= Colorado EKG Repository =

US health organization

COEKG Logo

The Colorado EKG Repository, Inc is a non profit corporation established in 2005 by a concerned group of volunteer physicians, patients, lawyers, lawmakers and internet professionals.

COEKG is an independent project supervised by the Colorado Medical Society to provide unbiased, nonprofit oversight and guidance for the development of a secure electrocardiography exchange service for critical patients presenting to Colorado's Emergency Departments and Community Health Clinics.

COEKG's prototype aims to facilitate advanced connectivity between healthcare entities. COEKG advocates expect their experience will assist in the standardization of more general electronic medical records (EMR) data exchange. COEKG implements a subset of the Continuity of Care Record (CCR) messaging protocol.

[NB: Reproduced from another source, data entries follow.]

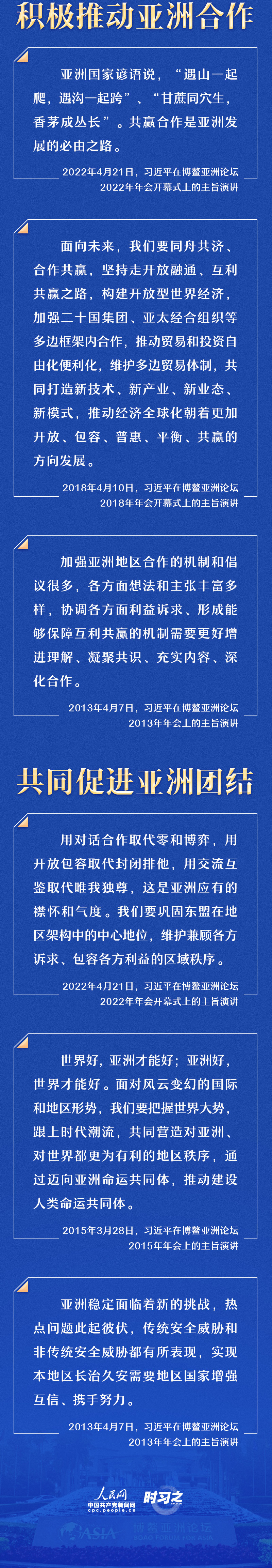 4月21日,博鳌亚洲论坛2022年年会开幕式在海南博鳌举行,国家主席习近平以视频方式发表题为《携手迎接挑战,合作开创未来》的主旨演讲。这是自2013年以来,习近平第五次出席博鳌亚洲论坛年会并发表主旨演讲,传递促进亚洲和平发展、共赢合作的重要信息。
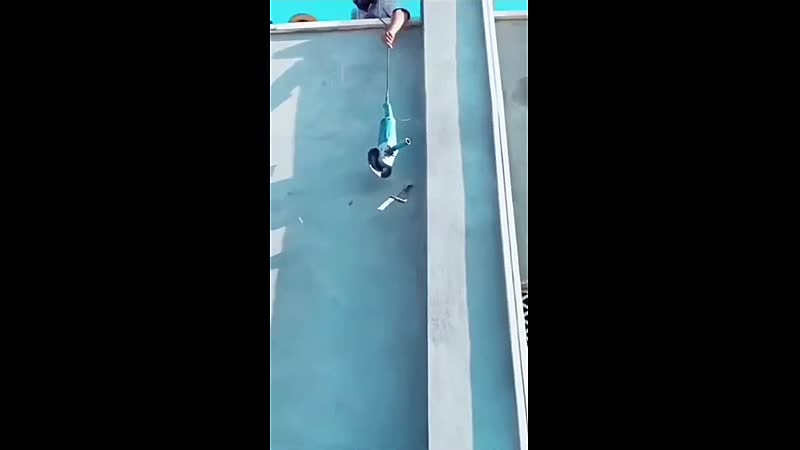 Verdorie, heb jij weer: een stuk metaal dat uitsteekt, maar je hebt geen ladder bij de hand. Wat doe je dan? Precies, gewoon lekker laten bungelen die handel!
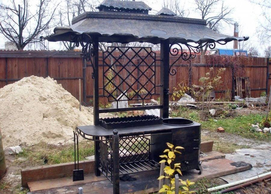 Обязательно потребуется соорудить дымоход. Такая конструкция защитит мангал от сажи, и будет препятствовать образованию сильного дыма.
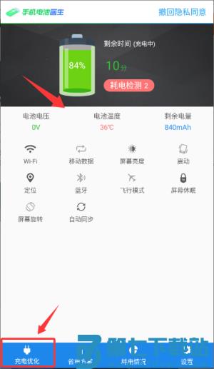 2、主界面显示电池电压及温度等数据,支持充电优化。
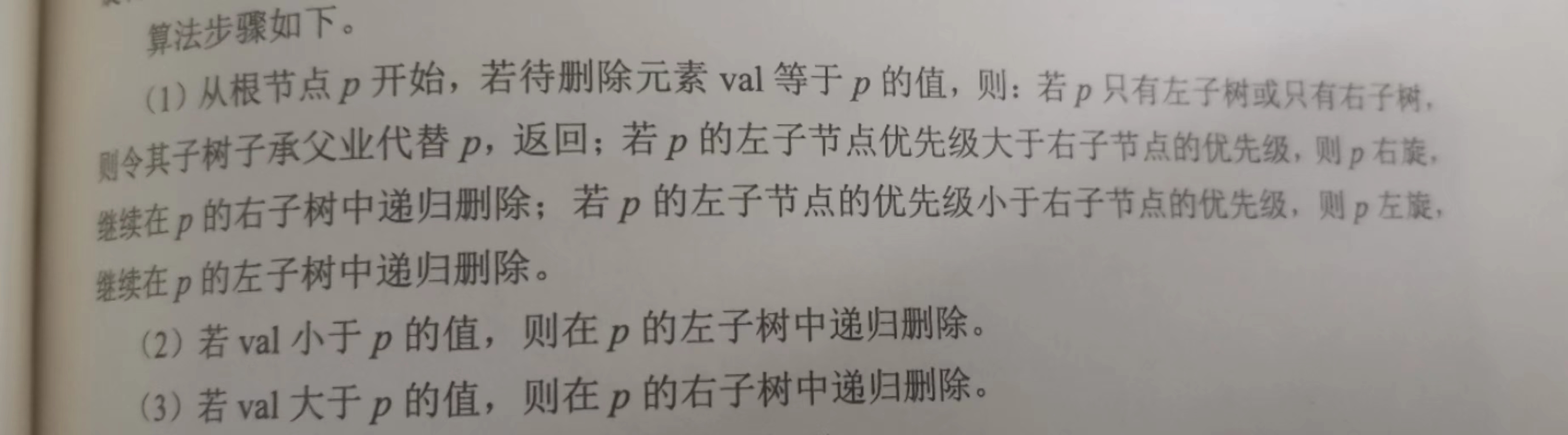 删除:找到被删除的节点,将该节点向优先级较大的子节点旋转,递归到旋转到的位置执行删除,一直旋转到叶子,然后删除叶子的位置就行了。
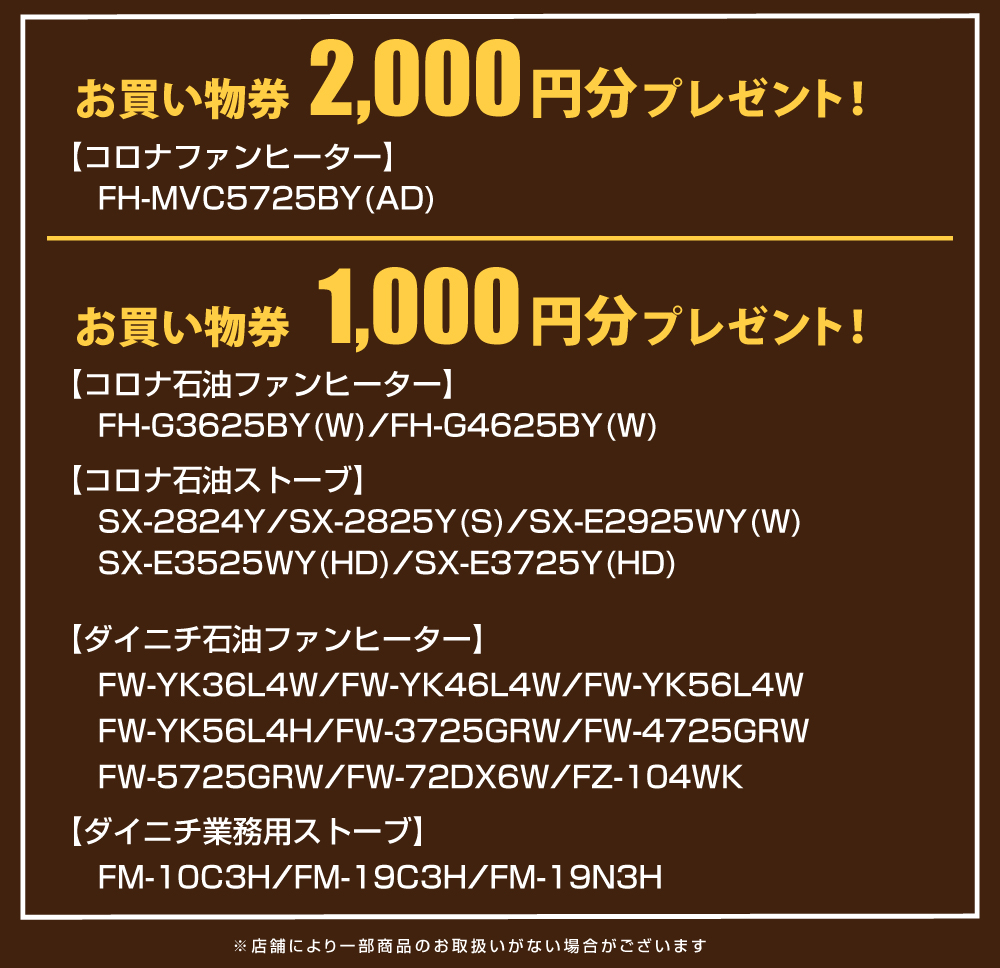 【お買い物券】コロナ・ダイニチ あったか暖房キャンペーン
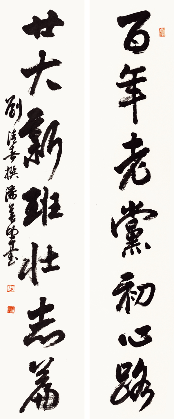 《劉清春〈百年/廿大〉對(duì)聯(lián)》178×37cm×2
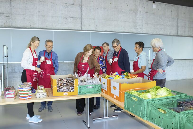 Bevor die ersten Personen eintreffen, herrscht konzentrierte Betriebsamkeit. Zehn freiwillige Helferinnen und Helfer bereiten die Waren vor. Die Lebensmittel stammen von Grossverteilern und Lebensmittelläden – Produkte, die noch essbar sind, aber oft nicht mehr verkauft würden. Co-Leiterinnen Silvia Lienhard und Vanessa Kellenberger gehen mit dem Team die Kisten durch. «Kartoffeln haben wir heute genug, davon könnt ihr eine Handvoll geben», sagt Kellenberger und zählt die Portionen ab. Am Schluss soll jede Person ungefähr gleich viel bekommen. «Was schwierig ist, weil wir gar nicht wissen, wie viele schliesslich kommen», sagt Lienhard .
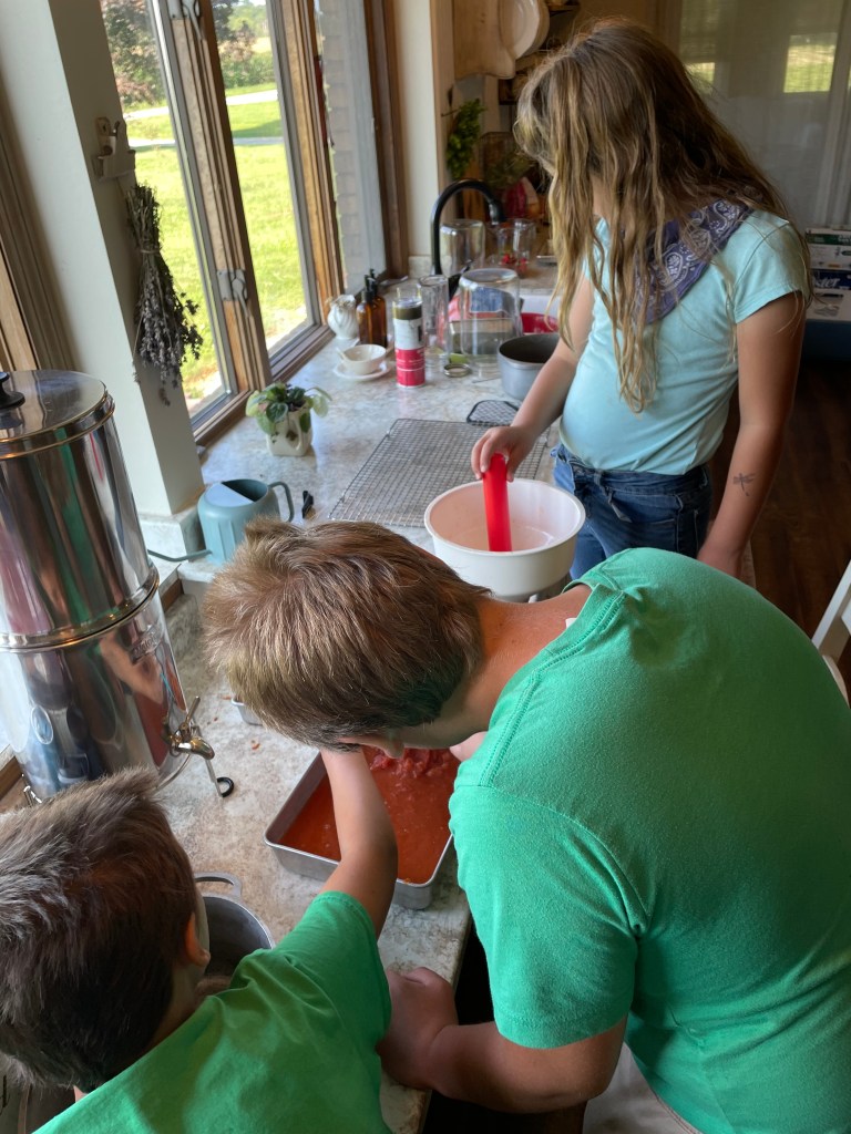 After the Romas are roasted, we drain them in a colander and sauce them with our sauce maker! It has come in very handy for preserving! The kids enjoy working it, which is lovely for me as well.
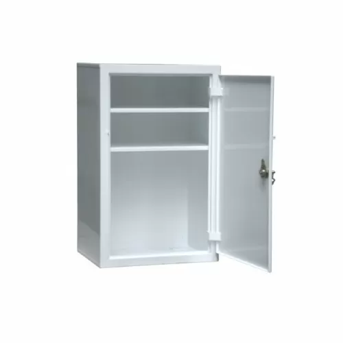 Шкаф одностворчатый, однодверный, изготовлен из листового проката. Корпус шкафа имеет отверстия в днище, закрытые фальшпанелью для крепления к полу. Дверь оборудована
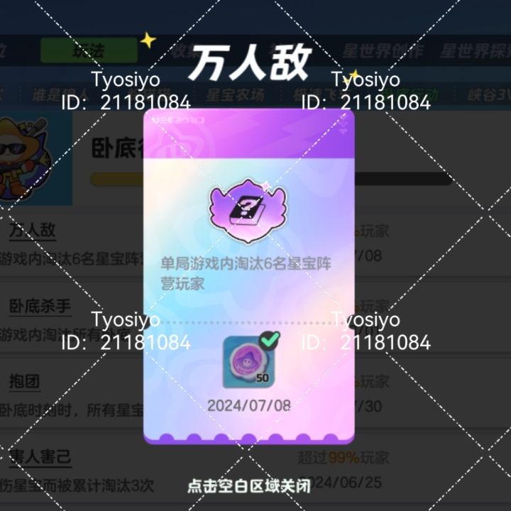 ✅万人敌:单局游戏内淘汰6名星宝阵营玩家
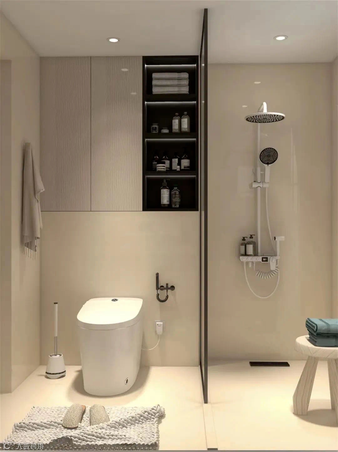 卫生间干湿分离式的设计,沐浴和洗漱分开,高效应用,并且可以保持沐浴之外的场地干燥卫生,通风和干燥效果较好,在回南天里,可以很大程度上降低卫浴间水汽对卧室的影响。
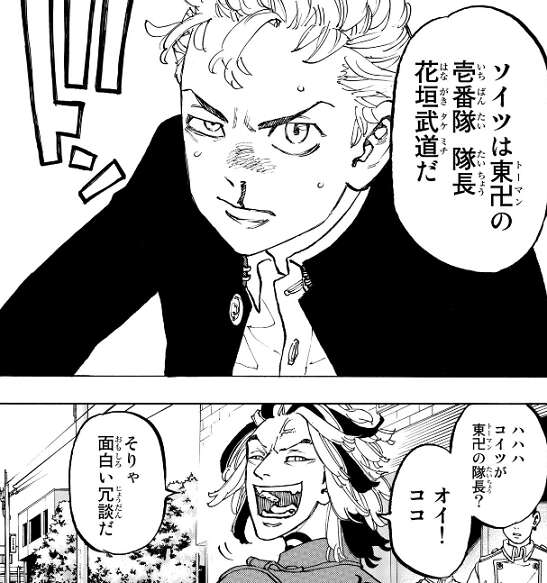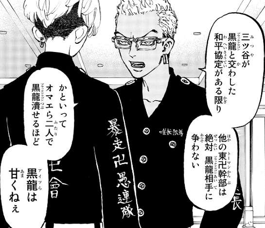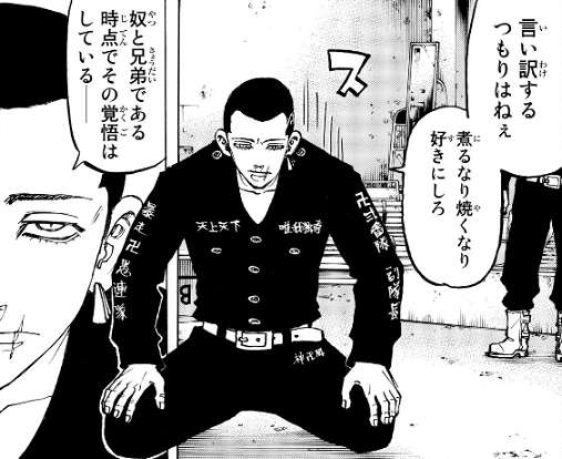 東卍では、武道が十代目黒龍の総長 大寿にボコられた事、また八戒が大寿の弟だった事が、問題となりマイキー達幹部会で話し合いが行われます。八戒が黒龍の総長の弟だったことから、黒龍の回し者だと疑われますが、言い訳はせず八戒は東卍をやめるとマイキーに宣言します。

When fully connected health care consumers and providers will be able to securely and reliably access point-of-care clinical information. Many providers and patients advocate rapid development of EMR interconnectivity, and they believe COEKG efforts should expand to the entire health record. Critics denounce the idea for fear that privacy protection will never reach an acceptable level.

Medical records and associated identifying demographic data is especially sensitive and private information. Any attempt to allow Internet transfer of medical records must comply with HIPAA regulations. The Health Insurance Portability and Accountability Act of 1996 affects every organization that transmits medical and health records.